- Huddersfield Philharmonic Orchestra logo
- Former name: ‘Mr Thomas’s Band’, Fitzwilliam Street Philharmonic Society
- Founded: 1862
- Principal conductor: Katherine Stonham
- Website: www.huddersfieldphilharmonic.co.uk

= Huddersfield Philharmonic Orchestra =

The Huddersfield Philharmonic Orchestra is an amateur orchestra based in Huddersfield, West Yorkshire, England.

== Origins ==

In 1862 the first orchestra in Huddersfield to achieve lasting permanence was established by Rev JH Thomas, as ‘Mr Thomas’s Band’. It changed its name to the Fitzwilliam Street Philharmonic Society and then ultimately Huddersfield Philharmonic Orchestra.

S H Crowther, in An Orchestral Centenary (about the orchestra’s history) claimed 1871 as the date of creation of the ‘Huddersfield Phil’ and the orchestra duly celebrated its centenary in 1971. However R A Edwards later pointed out in And the Glory (his history of Huddersfield Choral Society) that this claim was inaccurate; and the society’s present archivist now confirms that it was shortly after Thomas’s death that the orchestra renamed itself the Huddersfield Philharmonic, giving its first concert under that name on 7 February 1885.

The Rev J H Thomas was a Cambridge graduate, expert linguist and accomplished musician, who was initially ordained into the Church of England but who later abandoned Anglicanism in favour of Unitarianism. In 1862 he came to Huddersfield as Unitarian minister in Fitzwilliam Street, where he remained until his death in 1884. According to the Huddersfield Examiner obituary notice,

‘he got a number of lads and young men around him. For five or six years he gave lessons gratuitously…. And bought many instruments for the band out of his small means…For the first few years the music of the band was exceedingly crude and often painfully out of tune; but the band was always an improving one…’

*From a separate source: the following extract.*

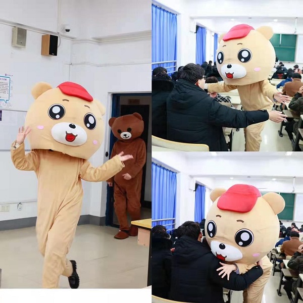 坐在第一排的姜金宇同学积极地与“小熊”们互动,他说:“昨天背了一天的政治,在 ‘肖四肖八’思想的疯狂轰炸下,脑子都成了浆糊。今天和‘小熊 ’拥抱、看‘小熊’做搞怪好笑的动作,开怀大笑后心情也放松了许多。”

Among the Rev Thomas’s successors as conductors was John North (conductor also of the Choral and Glee & Madrigal Societies). He began his working life as a butcher’s errand boy at the age of nine. A vacancy soon arose for an errand boy at Joe Wood’s music shop (founded in 1850) and Johnny North was taken on. This was to transform his life completely. Encouraged by Joe Wood he became an adept pianist and reliable tuner; he also took up the cornet and developed into a fine violinist. In his short and crowded life (he died at the age of 39) he held various posts as organist; in addition to the Huddersfield Choral Society, he conducted the Holmfirth and Keighley Societies and also further afield.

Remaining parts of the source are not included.